• **Material provided**
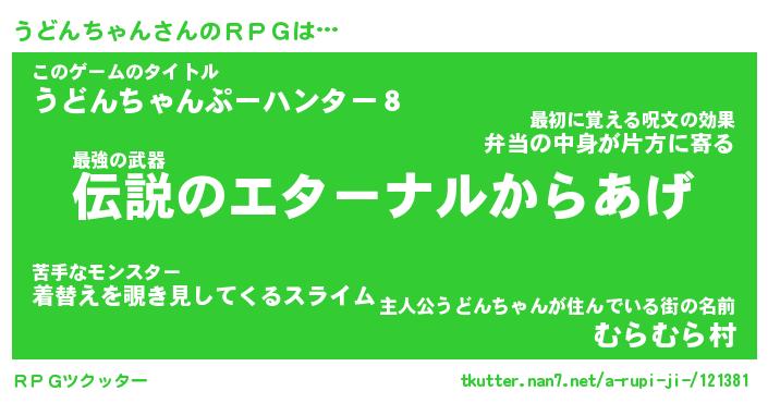 | 料理風あだ名 | 『節約★うどんちゃんと油揚げの玉子丼』 |
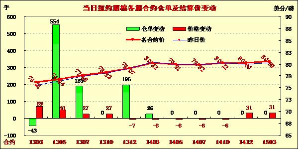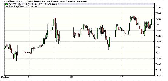 1月15日,紐約期棉漲跌互現(xiàn),主力1303月合約收于76.21美分/磅,漲69點(diǎn);1305月合約結(jié)算價(jià)76.84美分/磅,漲48點(diǎn);其他遠(yuǎn)期合約小幅收漲或微幅收跌。棉花基本面持續(xù)低迷,下年度植棉面積縮減及澳大利亞持續(xù)高溫或?qū)π禄ㄔ斐蓳p害對(duì)期棉形成支持。當(dāng)日市場(chǎng)平穩(wěn)開(kāi)盤(pán),主力合約早盤(pán)上行至當(dāng)日最高點(diǎn)76.30美分/磅,未能觸及上周五的高點(diǎn)76.44美分;后賣(mài)盤(pán)涌入打壓市場(chǎng)回落,尾盤(pán)時(shí)分又在谷物市場(chǎng)走高支持下反彈,盤(pán)終該合約收于12月26日以來(lái)最高值。當(dāng)日外部玉米及小麥?zhǔn)袌?chǎng)收漲,大豆及原油市場(chǎng)走低。
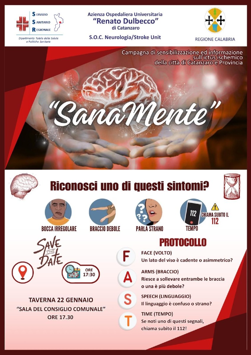 Taverna - Il Comune di Taverna annuncia l’avvio di una campagna di sensibilizzazione dedicata alla prevenzione dell’ictus ischemico, realizzata in collaborazione con l’Azienda Ospedaliera Universitaria “Renato Dulbecco” di Catanzaro.
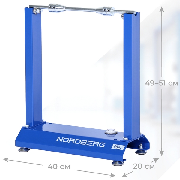 Специальный стенд Nordberg предназначен для упрощенной и быстрой статической балансировки колес мотоциклов и велосипедов диаметром до 740 мм и шириной до 320 мм. Применяется в мотомастерских и самими владельцами техники.
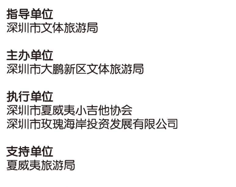 大鵬新區(qū)擁有相對豐富的尤克里里音樂文化底蘊(yùn),新區(qū)音樂學(xué)科自2015年已經(jīng)與深圳市夏威夷小吉他協(xié)會開展合作,為全區(qū)音樂教師開展尤克里里師資培訓(xùn)至今,在全國中小學(xué)音樂教師體系率先開展尤克里里課程。本屆大鵬的嘉年華將會為大鵬的學(xué)校,社區(qū)帶來更多的資源,與更多國際尤克里里協(xié)會,知名演奏家交流與互動,讓這種浪漫自由的樂器能在新區(qū)扎根發(fā)芽,開花結(jié)果,將新區(qū)打造成中國的“尤克里里之鄉(xiāng)”。
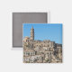 Souvenir photo magnet with the ancient architecture of the Sassi di Matera with houses cut into the mountain like caves on a clear day with a blue sky in the Basilicata region in southern Italy.
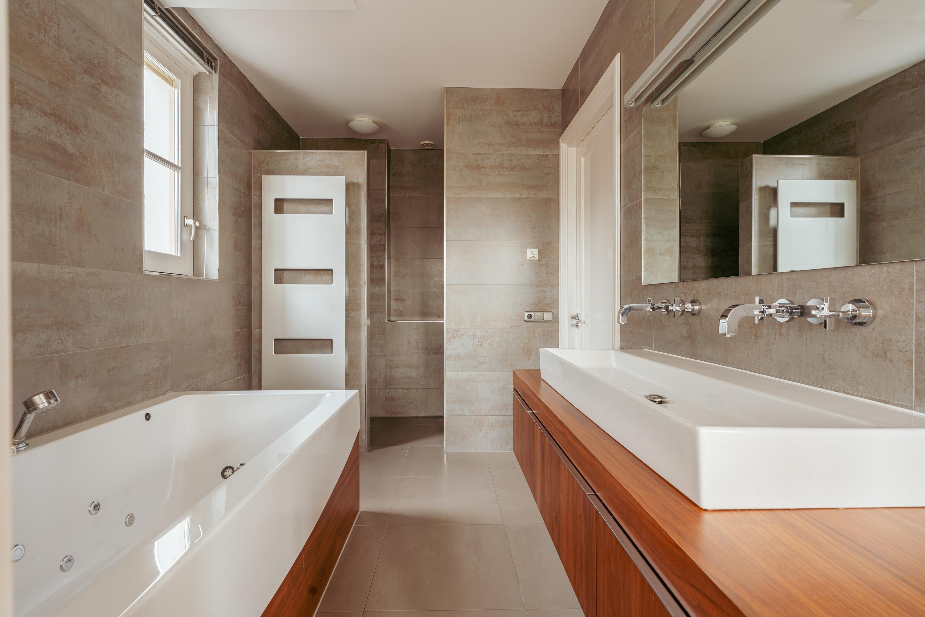 The spacious principal bedroom at the rear features air conditioning, a walk-in wardrobe with sliding doors and direct access to the en-suite bathroom. The bathroom is fitted with underfloor heating, a bathtub with bubble system, a walk-in shower and a double washbasin unit, and is also accessible from the landing.
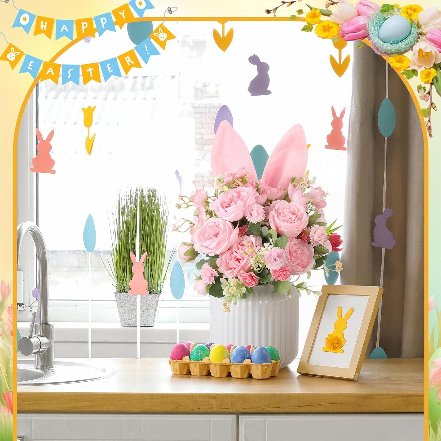 Spring Easter Table Centerpiece – Artificial Flower Bunny Ear with Vase, 13.8 x 5.1 Inches, Pink Plush Rabbit Decor for Dining Room, Home & Office
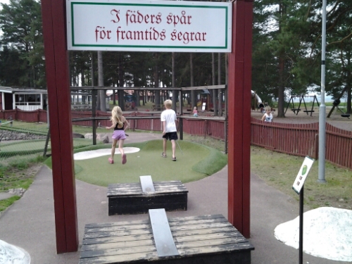Idag blev det en tur med barnbarnen Vanna och Viggo, tanken är att vi skall åka Siljan runt. Redan i Heby mötte vi röklukten från skogsbranden i Västmanland. Den följde med oss bra många mil, försvann dock när vi kom till rätt sida av dalälven. Efter ett lunchstopp på Moraklockan kom vi så småningom till Orsa. Orsa camping är en positiv upplevelse, vattnet var varmt och det är väldigt långgrunt, man kan gå och gå och gå. En minigolfrunda på eftermiddagen var ett av dagens begivenheter, jag förlorade dock. Det får bli något annat imorgon, detta är i alla fall svensk sommar när den är som bäst.
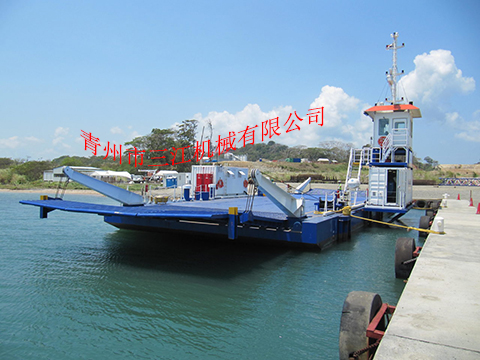 分體拼接組裝式通行駁船:本設(shè)備為鋼質(zhì)分體拼接式駁船,可運(yùn)輸車輛、人員、散雜貨、噸袋、集裝箱。整套設(shè)備可方便的進(jìn)行拆卸后卡車運(yùn)輸,每件的重量不超過28噸,長(zhǎng)度和寬度都適合公路運(yùn)輸?shù)囊蟆?ㄜ囘\(yùn)輸至工作地后,卸車的同時(shí)在水中快速組裝。

• **What is being asked**
Before answering, find the line with "Spring Easter Table" in the records above; then reproduce exactly each line from the first through that line, leaving out pictures.

• **Expected output**
 | 料理風あだ名 | 『節約★うどんちゃんと油揚げの玉子丼』 |
 1月15日,紐約期棉漲跌互現(xiàn),主力1303月合約收于76.21美分/磅,漲69點(diǎn);1305月合約結(jié)算價(jià)76.84美分/磅,漲48點(diǎn);其他遠(yuǎn)期合約小幅收漲或微幅收跌。棉花基本面持續(xù)低迷,下年度植棉面積縮減及澳大利亞持續(xù)高溫或?qū)π禄ㄔ斐蓳p害對(duì)期棉形成支持。當(dāng)日市場(chǎng)平穩(wěn)開(kāi)盤(pán),主力合約早盤(pán)上行至當(dāng)日最高點(diǎn)76.30美分/磅,未能觸及上周五的高點(diǎn)76.44美分;后賣(mài)盤(pán)涌入打壓市場(chǎng)回落,尾盤(pán)時(shí)分又在谷物市場(chǎng)走高支持下反彈,盤(pán)終該合約收于12月26日以來(lái)最高值。當(dāng)日外部玉米及小麥?zhǔn)袌?chǎng)收漲,大豆及原油市場(chǎng)走低。
 Taverna - Il Comune di Taverna annuncia l’avvio di una campagna di sensibilizzazione dedicata alla prevenzione dell’ictus ischemico, realizzata in collaborazione con l’Azienda Ospedaliera Universitaria “Renato Dulbecco” di Catanzaro.
 Специальный стенд Nordberg предназначен для упрощенной и быстрой статической балансировки колес мотоциклов и велосипедов диаметром до 740 мм и шириной до 320 мм. Применяется в мотомастерских и самими владельцами техники.
 大鵬新區(qū)擁有相對豐富的尤克里里音樂文化底蘊(yùn),新區(qū)音樂學(xué)科自2015年已經(jīng)與深圳市夏威夷小吉他協(xié)會開展合作,為全區(qū)音樂教師開展尤克里里師資培訓(xùn)至今,在全國中小學(xué)音樂教師體系率先開展尤克里里課程。本屆大鵬的嘉年華將會為大鵬的學(xué)校,社區(qū)帶來更多的資源,與更多國際尤克里里協(xié)會,知名演奏家交流與互動,讓這種浪漫自由的樂器能在新區(qū)扎根發(fā)芽,開花結(jié)果,將新區(qū)打造成中國的“尤克里里之鄉(xiāng)”。
 Souvenir photo magnet with the ancient architecture of the Sassi di Matera with houses cut into the mountain like caves on a clear day with a blue sky in the Basilicata region in southern Italy.
 The spacious principal bedroom at the rear features air conditioning, a walk-in wardrobe with sliding doors and direct access to the en-suite bathroom. The bathroom is fitted with underfloor heating, a bathtub with bubble system, a walk-in shower and a double washbasin unit, and is also accessible from the landing.
 Spring Easter Table Centerpiece – Artificial Flower Bunny Ear with Vase, 13.8 x 5.1 Inches, Pink Plush Rabbit Decor for Dining Room, Home & Office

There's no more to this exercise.